Linearly Constrained Weights: Resolving the Vanishing Gradient Problem by Reducing Angle Bias
Abstract: In this paper, we first identify \textit{angle bias}, a simple but remarkable phenomenon that causes the vanishing gradient problem in a multilayer perceptron (MLP) with sigmoid activation functions. We then propose \textit{linearly constrained weights (LCW)} to reduce the angle bias in a neural network, so as to train the network under the constraints that the sum of the elements of each weight vector is zero. A reparameterization technique is presented to efficiently train a model with LCW by embedding the constraints on weight vectors into the structure of the network. Interestingly, batch normalization (Ioffe & Szegedy, 2015) can be viewed as a mechanism to correct angle bias. Preliminary experiments show that LCW helps train a 100-layered MLP more efficiently than does batch normalization.
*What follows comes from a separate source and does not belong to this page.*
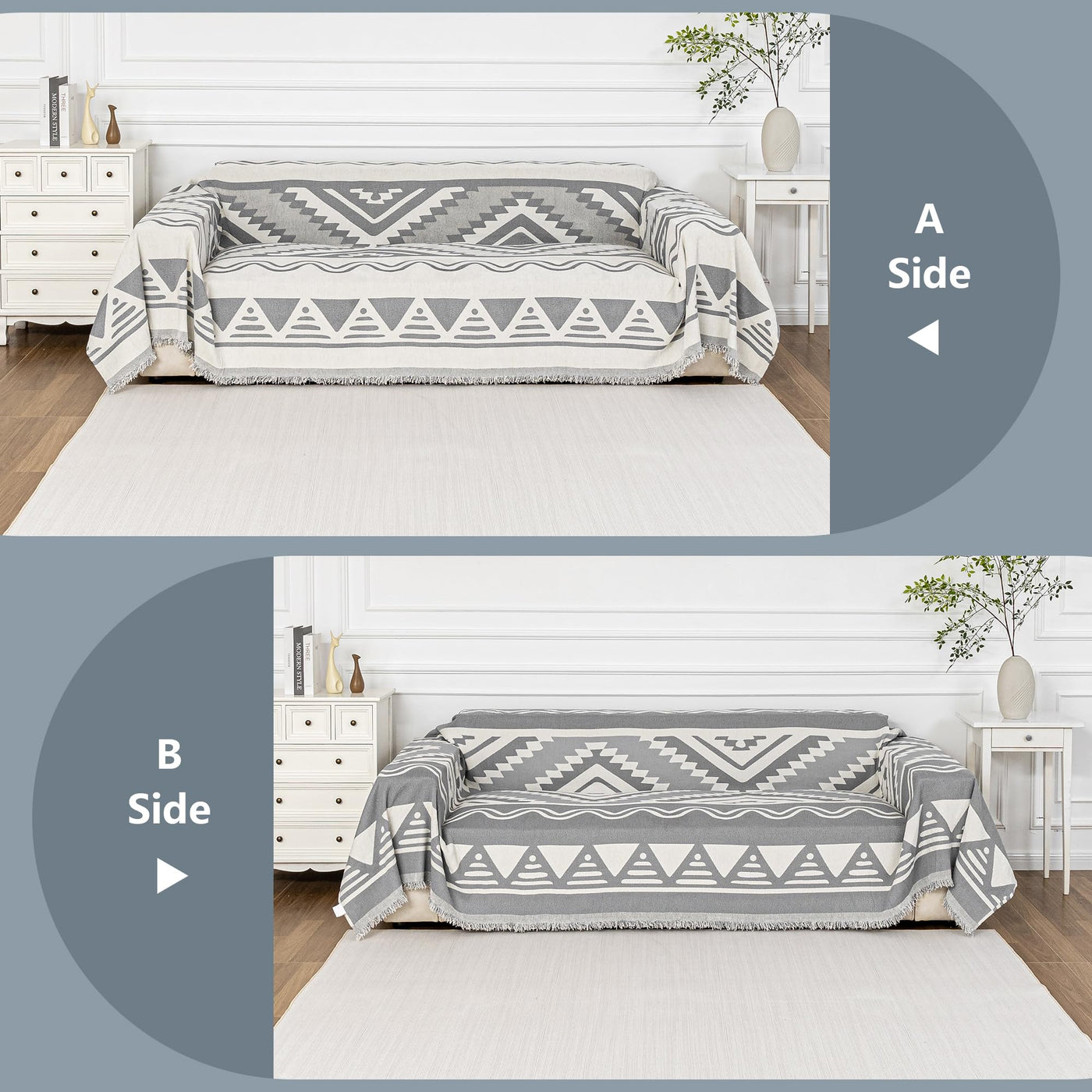 Q: What is the design of the couch cover?A: The MYSKY HOME Sectional Couch Cover features a fashionable and simple boho geometric pattern that adds a dynamic visual element to your living space. This light luxury design enhances your home decor while offering practical protection for your sofa.

TL;DR: We identify angle bias that causes the vanishing gradient problem in deep nets and propose an efficient method to reduce the bias.
Keywords: vanishing gradient problem, multilayer perceptron, angle bias
Data: [CIFAR-10](https://paperswithcode.com/dataset/cifar-10), [CIFAR-100](https://paperswithcode.com/dataset/cifar-100), [SVHN](https://paperswithcode.com/dataset/svhn)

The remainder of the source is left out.